The point is that they appear to be delivering less in the way of economic growth each time, and for shorter periods.
The massive $586 billion package announced in the wake of the 2008 global financial crisis did have the desired effect, with the key industrial output indicator surging from a low 5.4 percent year-on-year growth in November 2008 to 19.2 percent a year later.
However, it was back to 9.3 percent by April 2012, prompting more stimulus measures, said to be worth a total of $300 billion, but spread out over a longer period of time and targeted at specific industry sectors.

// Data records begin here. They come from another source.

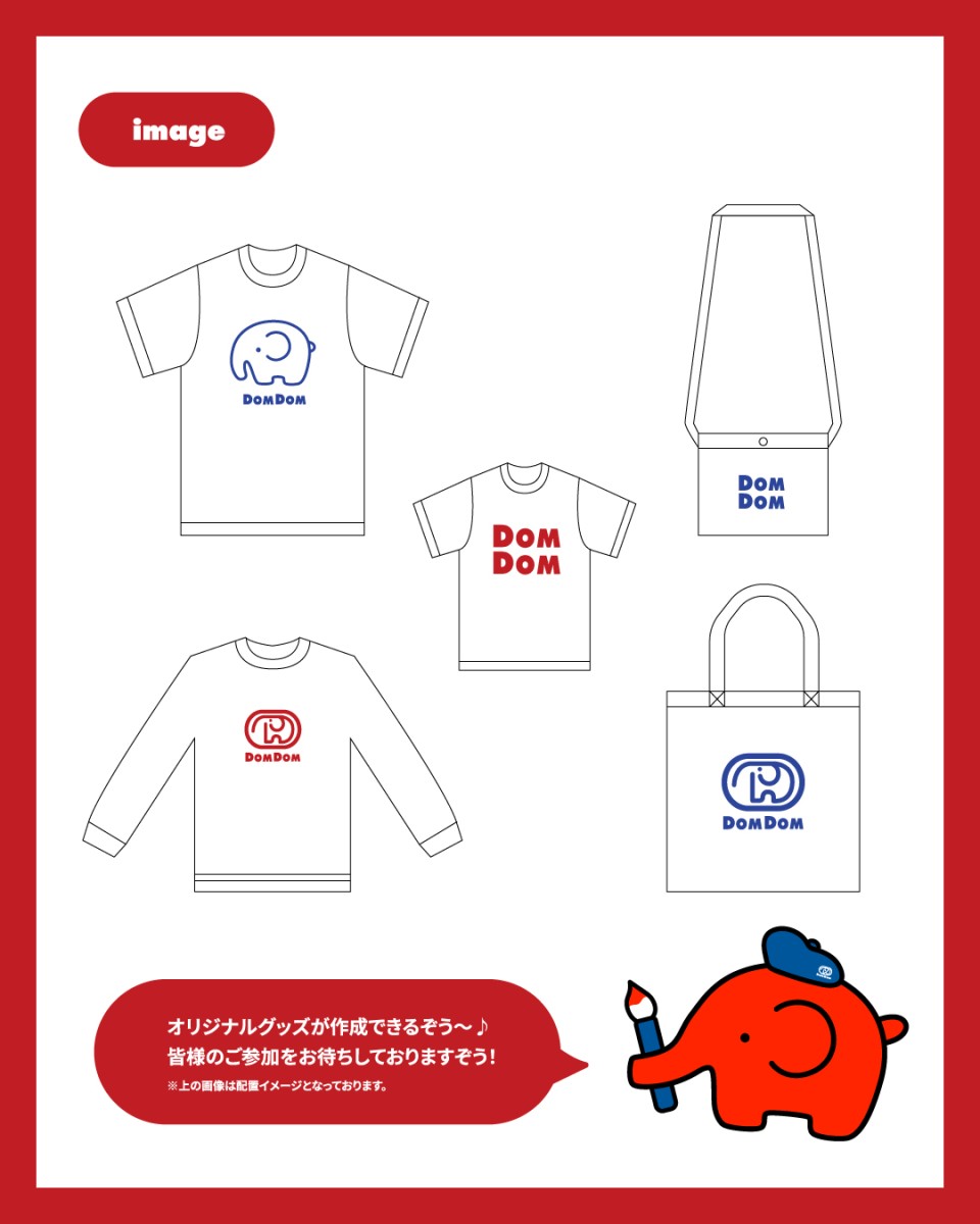 ・1アイテムにつき1プリントとなります。(例:TシャツMサイズ+DOM DOMロゴ)
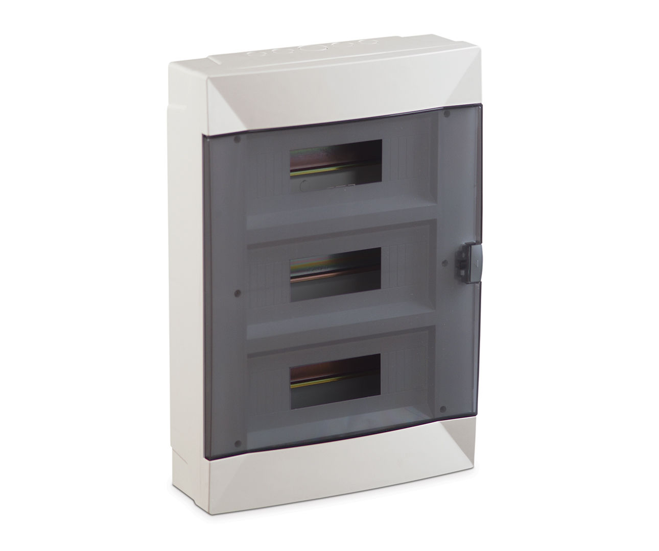 Deze MAKEL drielaags opbouw breakerkast met getinte deur biedt plaats aan 36 modules.
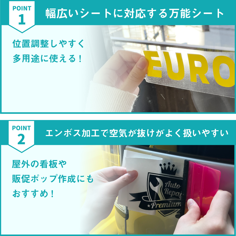 一般的なカッティングシートに対応する、汎用性の高いアプリケーションフィルムです。
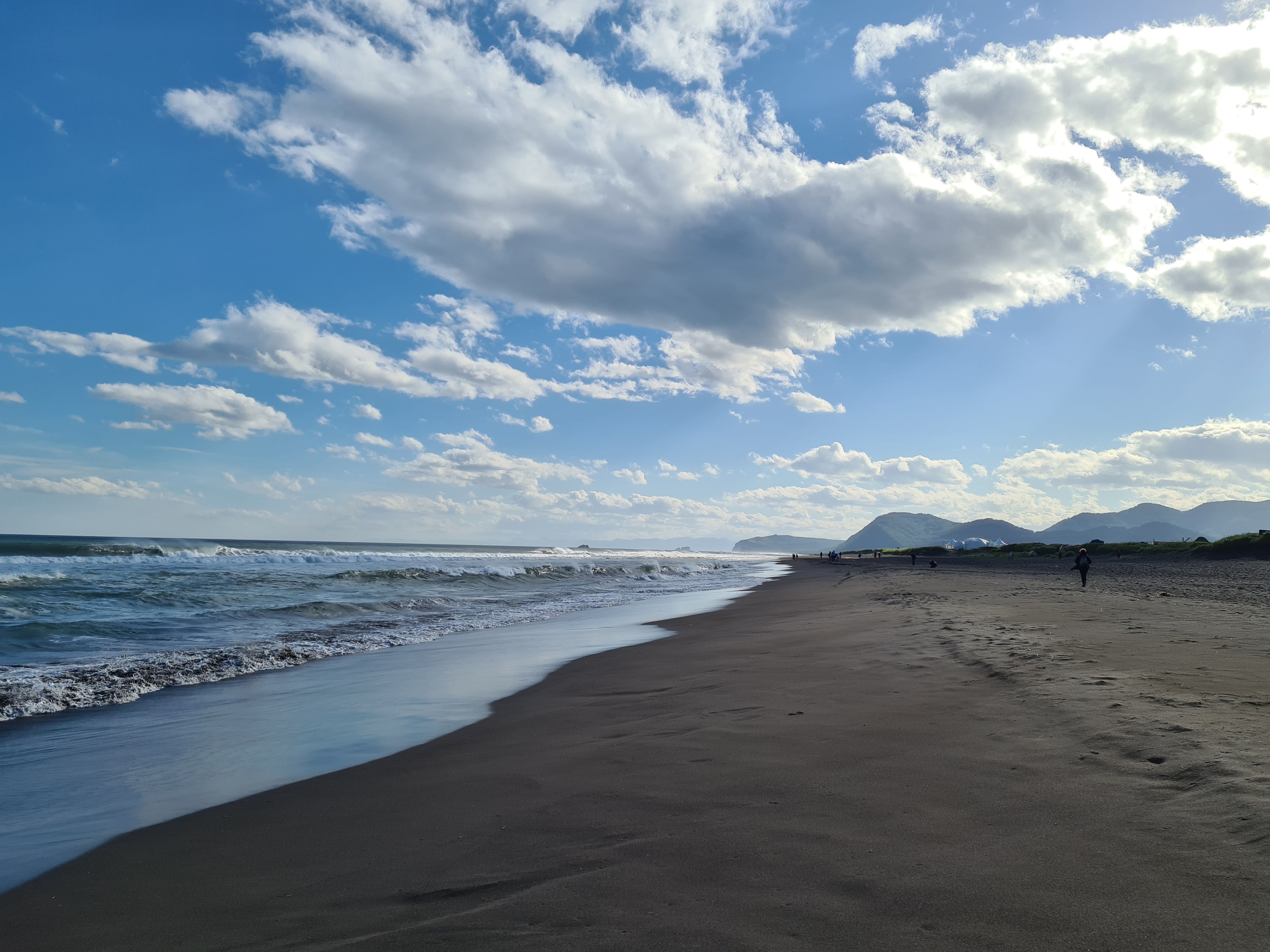 Халактырский пляж с черным вулканическим песком. Берег Авачинского залива.
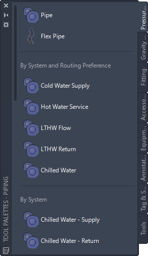 An object tool inserts an object, such as a duct or a pipe, into a drawing. When you add an object with a specific object tool, the object has the settings that are defined in the tool, which facilitates the design process and enhances consistency across your project drawings.
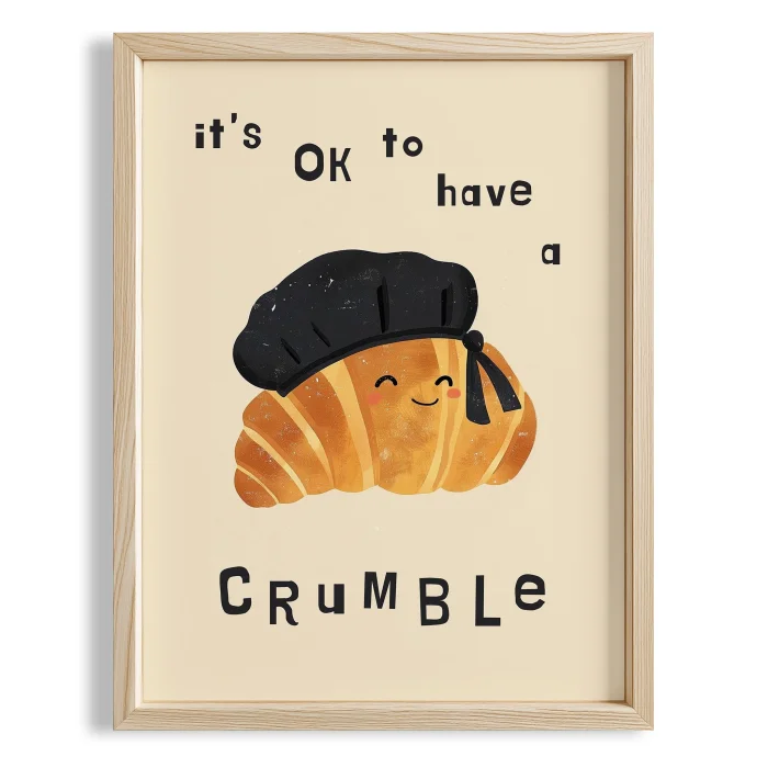 Product: Croissant Motivasyon - Girls' Room Decor Wooden Framed Wall Art
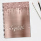 Notebook elegante e giro personalizado com rosa dourado falso brilho caindo sobre um fundo metálico esfregado de rosa dourado. Personalize com seu nome em um roteiro branco de tendência de na moda com baloiços.
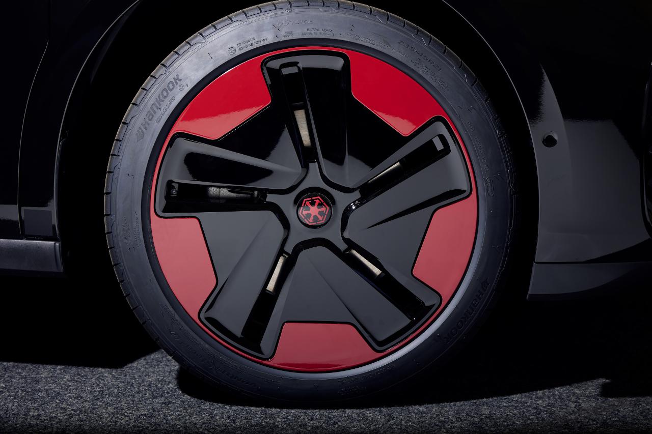 Basis der „Dark Side Edition” ist der ID Buzz Cargo. Düstere Schwarz- und Rottöne verkörpern die dunkle Seite der Macht. Die Folie ist im unteren Bereich des Fahrzeugs Schwarz glänzend, während der obere Teil des Fahrzeugs in mattem Schwarz gestaltet wurde ist. Seitenlinien, Scheinwerfer, Lichtleisten und Fensterflächen sind in einem kräftigen Rot gehalten, inspiriert von Darth Vaders Lichtschwert. Dazu kommt eine rote Unterbodenbeleuchtung. Die Nabendeckel der ebenfalls eigenständig gestalteten 21-Zoll-Felgen und die Karosserie tragen das Logo des Imperiums.
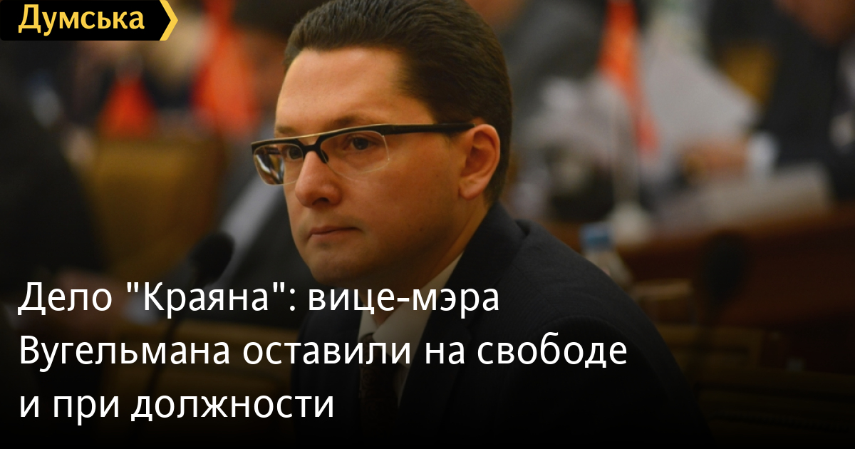 Апелляционный суд города Киева отказался менять меру пресечения заместителю Одесского городского головы Павлу Вугельману и отстранять его от должности. Как сообщили в пресс-службе суда, жалобы прокурора на соответствующие решения Соломенского суда рассмотрели сегодня, 20 марта. Прокурор настаивал на изменении меры пресечения: чтобы чиновника все-таки взяли под стражу. Однако суд оставил Павла Вугельмана на свободе под поручительство двоих народных депутатов — Александра Пресмана и Юрия Мирошниченко. От должности вице-мэра также не отстранили. Напомним, Павел Вугельман подозревается в совершении уголовного преступления, предусмотренного ч. 5 ст. 191 (присвоение, растрата имущества или завладение им путем злоупотребления служебным положением) Уголовного кодекса Украины. По данным следствия, он соучастник аферы с приобретением административного здания бывшего завода «Краян».
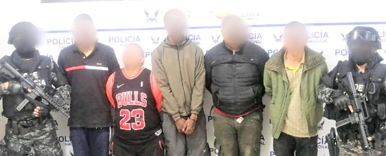 los presuntos autores de ese hecho delictivo: Day P. V. y Daybis L. P., de 28 y 21 años, de Colombia y Venezuela, en su orden, países sudamericanos; y a los ecuatorianos: Christian S. M., Moisés Ch. V. y Marco P. E., de 26, 19 y 19 años, cada uno, y de las provincias de Bolívar, El Oro y Esmeraldas, respectivamente.
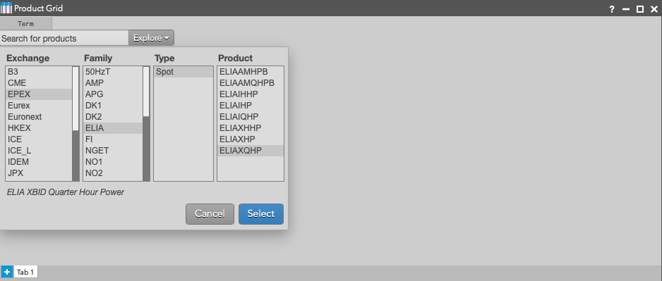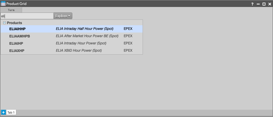 In the Search box, type the name of the product you wish to add or use the Explore button to drill down to the desired product by selecting the Exchange, Family, Type, then Product.
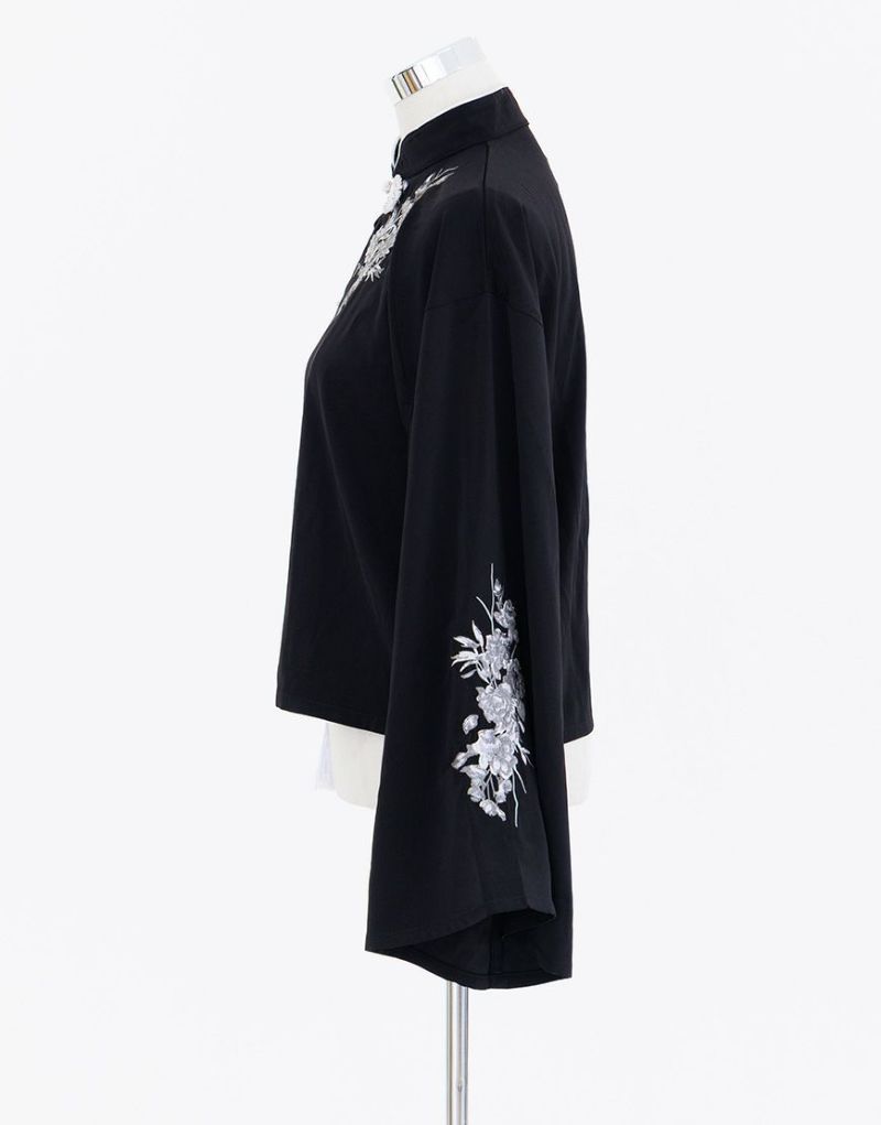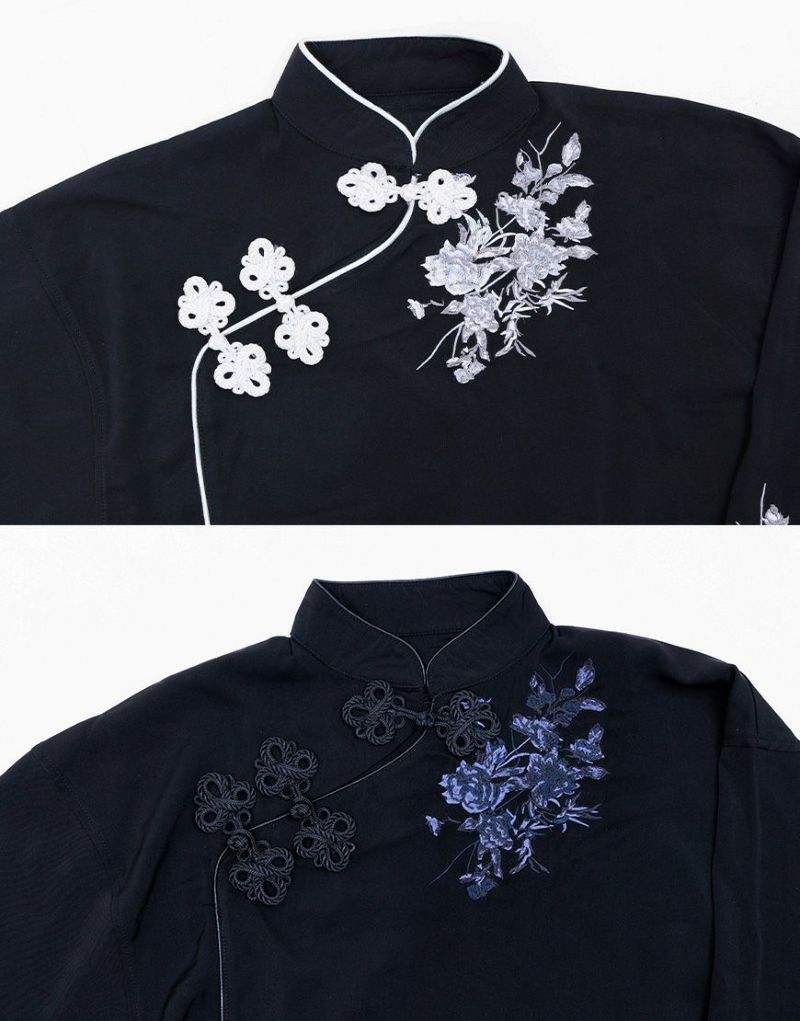 BLK:ブラック刺繍+黒パイピング&黒チャイナ釦

A stimulus exercise was repeated in 2013 and much of this year has also seen efforts to boost the economy through these smaller scale, targeted measures, the latest being the injection of 500 billion yuan ($83.4 billion) into the banking system.
The stimulus efforts have generally come in the wake of softer economic numbers, with the most recent examples being industrial output dropping to a near six-year low of 6.9 percent annual growth in August, declining housing investment and prices and slower credit growth.
Each time markets have cheered the policy measures, but the outcomes from the moves appear to have been mixed at best.
For commodity markets, stimulus efforts have generally led to expectations of higher imports and prices for key commodities such as iron ore, copper and crude oil.
While the volume expectations have largely been met, price increases have been largely unfulfilled, but this is more a result of the surge in supply of major commodities, including iron ore, coal, and to some extent crude oil and copper.
What is also clear is that the growth in imports of key commodities has diverged from the growth in industrial output.(see graph)
While commodity imports have trended higher, with iron ore up 16.9 percent year-to-date in August, unwrought copper by 14.3 percent and crude oil by 8.4 percent, industrial output has trended lower, from 9.7 percent growth for the year to December to August’s 6.9 percent.
It’s possible that the stimulus measures adopted by the authorities have helped keep commodity imports growing at a faster pace than manufacturing, but this has likely been accomplished by adding to the already existing problem of overcapacity in many sectors.
China’s steel, aluminium and oil refining sectors are characterised by over-capacity, which has had a negative impact on their profitability.
Perhaps these sectors will start to head the way of power generation, which saw a drop of 2.2 percent year-on-year in August, most likely the result of softer manufacturing.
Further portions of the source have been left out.